● Aim of the exercise
Here the job is to transcribe only the lines from the one containing "得力(deli)多功能阅读架" through the last line below, exactly as written; please leave out pictures.

● Data shown
BEGIN

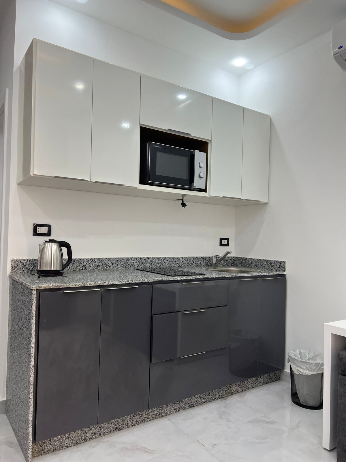 Wir hier in Lilly Apartments bieten Hurghada eine servierte Ferienunterkunft an. Wir haben 32 Wohnungen und Studios. Wir haben eine schöne, einfache, dekorierte Rezeption und einen einzigartigen Dachbereich mit fantastischer Aussicht und einen Pool auf dem Dach mit Whirlpool. Alle unsere Möbel und Zugänge von IKEA und Enza zuhause. Alle unsere Einheiten verfügen über eine Küchenzeile, die komplett mit Mikrowelle, Kühlschrank und Herd und Reinigungspersonal ausgestattet ist. Wir bieten Mahlzeiten, Wäscheservice, Reinigungsservice gegen Aufpreis
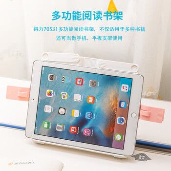 得力(deli)多功能阅读架 可伸缩折叠便携式书夹坐姿矫正阅读支架课本夹书文具生日礼物开学文具白色
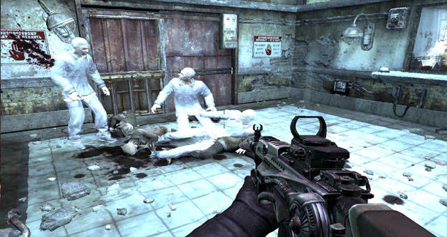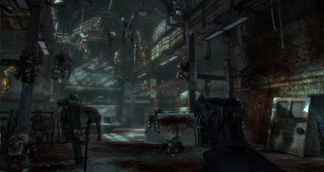 Oltre alla parte puramente fantascientifica, Singularity ha il pregio di essere in tutto e per tutto un titolo fortemente legato alla mentalità horror. Lo dicono le sue atmosfere tetre (vedere le immagini qui in torno), lo dicono i mostri scabrosi e sanguigni e lo dice lo stesso orrore, sociale o meno, del soggetto alla base del gioco. I russi scoprono un nuovo elemento in natura, l’E99 che ha parecchie buone capacità ma che come sempre accade, vengono usati per fini maligni. In un laboratorio super segreto situato su un isola dal nome di Katorga 12 (l’area 51 russa), un esperimento andato male, distruggerà non solo l’isola in se stessa ma andrà a corrodere anche lo stesso spazio tempo degli eventi circostanti. L’E99 ha difatti la capacità di mutare il tempo e può essere usato a favore o sfavore per corrodere o ringiovanire gli elementi circostanti. Il gameplay di Singularity si basa principalmente su questo, sul gestire un congegno in grado di assorbire E99 e sfruttarlo per manipolare il tempo e lo spazio. Oltre a questo, avremo il solito FPS in grado di regalare parecchie emozioni a discapito di una impostazione del tutto classica per gli scontri a fuoco…insomma, prima si uccide tutto ciò che si muove a schermo e poi si fanno domande.

END

● Result below
 得力(deli)多功能阅读架 可伸缩折叠便携式书夹坐姿矫正阅读支架课本夹书文具生日礼物开学文具白色
 Oltre alla parte puramente fantascientifica, Singularity ha il pregio di essere in tutto e per tutto un titolo fortemente legato alla mentalità horror. Lo dicono le sue atmosfere tetre (vedere le immagini qui in torno), lo dicono i mostri scabrosi e sanguigni e lo dice lo stesso orrore, sociale o meno, del soggetto alla base del gioco. I russi scoprono un nuovo elemento in natura, l’E99 che ha parecchie buone capacità ma che come sempre accade, vengono usati per fini maligni. In un laboratorio super segreto situato su un isola dal nome di Katorga 12 (l’area 51 russa), un esperimento andato male, distruggerà non solo l’isola in se stessa ma andrà a corrodere anche lo stesso spazio tempo degli eventi circostanti. L’E99 ha difatti la capacità di mutare il tempo e può essere usato a favore o sfavore per corrodere o ringiovanire gli elementi circostanti. Il gameplay di Singularity si basa principalmente su questo, sul gestire un congegno in grado di assorbire E99 e sfruttarlo per manipolare il tempo e lo spazio. Oltre a questo, avremo il solito FPS in grado di regalare parecchie emozioni a discapito di una impostazione del tutto classica per gli scontri a fuoco…insomma, prima si uccide tutto ciò che si muove a schermo e poi si fanno domande.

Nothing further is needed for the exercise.